The Treaty of Unkiar Skelessi, in making Turkey the ally of Russia against all its enemies, converted the entrance to the Black Sea into a Russian fortified post, from behind which Russia could freely send forth its ships of war into the Mediterranean, while its own ports and arsenals remained secure against attack.

England and France, which were the States whose interests were principally affected, protested against the Treaty, and stated they reserved to themselves the right of taking such action in regard to it as occasion might demand. Nor did the opposition rest with the protests of diplomatists. The attention both of the English nation and of its Government was drawn far more than hitherto to the future of the Ottoman Empire. Political writers exposed with unwearied vigour, and not without exaggeration, the designs of the Court of St. Petersburg in Asia as well as in Europe; and to this time, rather than to any earlier period, belongs the first growth of that strong national antagonism to Russia which found its satisfaction in the Crimean War, and which has by no means lost its power at the present day.

In desiring to check the extension of Russia's influence in the Levant, Great Britain and France were at one.
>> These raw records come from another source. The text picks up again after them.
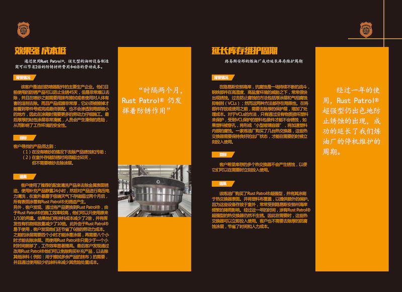 与同类产品相比,其涂层被动地停留在金属表面防护,而瑞铁宝的产品会主动寻找金属表面的钝化层,并与之其紧密结合,形成超级防护层。瑞铁宝可以提供同类产品4倍以上的防锈效果,而成本远远低于同类产品。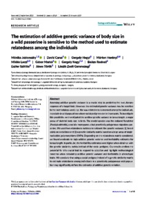 The estimation of additive genetic variance of body size in a wild passerine is sensitive to the method used to estimate relatedness among the individuals_OCR.pdf - Published Version Available under License Creative Commons Attribution. Download (10MB) | Preview |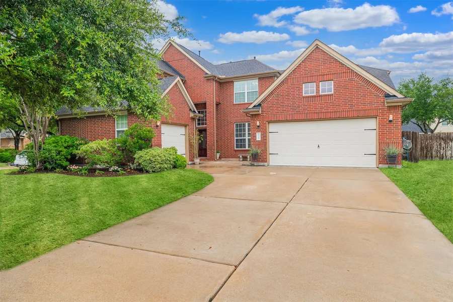 Stunning well-maintained 5-bed, 4-bath home w/3-car garage on a desirable corner cul-de-sac lot in the heart of Cinco Ranch! Welcoming 2-story entry leads to a private study w/French doors & elegant formal dining. Spacious family room features soaring ceilings, gaslog fireplace & a wall of windows overlooking the backyard. The open-concept kitchen offers an island w/wine rack, brkfst bar, stainless steel appliances, walk-in pantry & coffee bar. Guest suite located downstairs. Lovely primary suite w/spa-like ensuite bath w/double vanities, jetted tub & separate walk-in shower. Engineered hardwood flooring thru-out the 1st floor. Upstairs boasts 3 bedrooms, 2 full baths (incl. Jack & Jill), large game room & a bonus 12x11 storage room. Enjoy outdoor living with a covered patio, low-maintenance yard & sprinkler system. Safe bike path to Stanley Elem & close to pools, lakes, trails & parks. Zoned to top-rated Katy ISD schools! Recent interior paint, exterior fencing & sod done Spring???????????????????????????????? 2025.

The lines of policy, however, followed by these two States were widely divergent. Great France and Britain sought to maintain the Sultan's power in its integrity; France became in an increasing degree the patron and the friend of Mehemet Ali. Since the expedition of Napoleon to Egypt in 1793, which was itself the execution of a design formed in the reign of Louis XVI, Egypt had largely retained its hold on the imagination of the leading classes in France. Its monuments, its relics of a mighty past, touched a livelier chord among French men of letters and science than India has at any time found among ourselves; and although the hope of national conquest vanished with Napoleon's overthrow, Egypt continued to afford a field of enterprise to many a civil and military adventurer.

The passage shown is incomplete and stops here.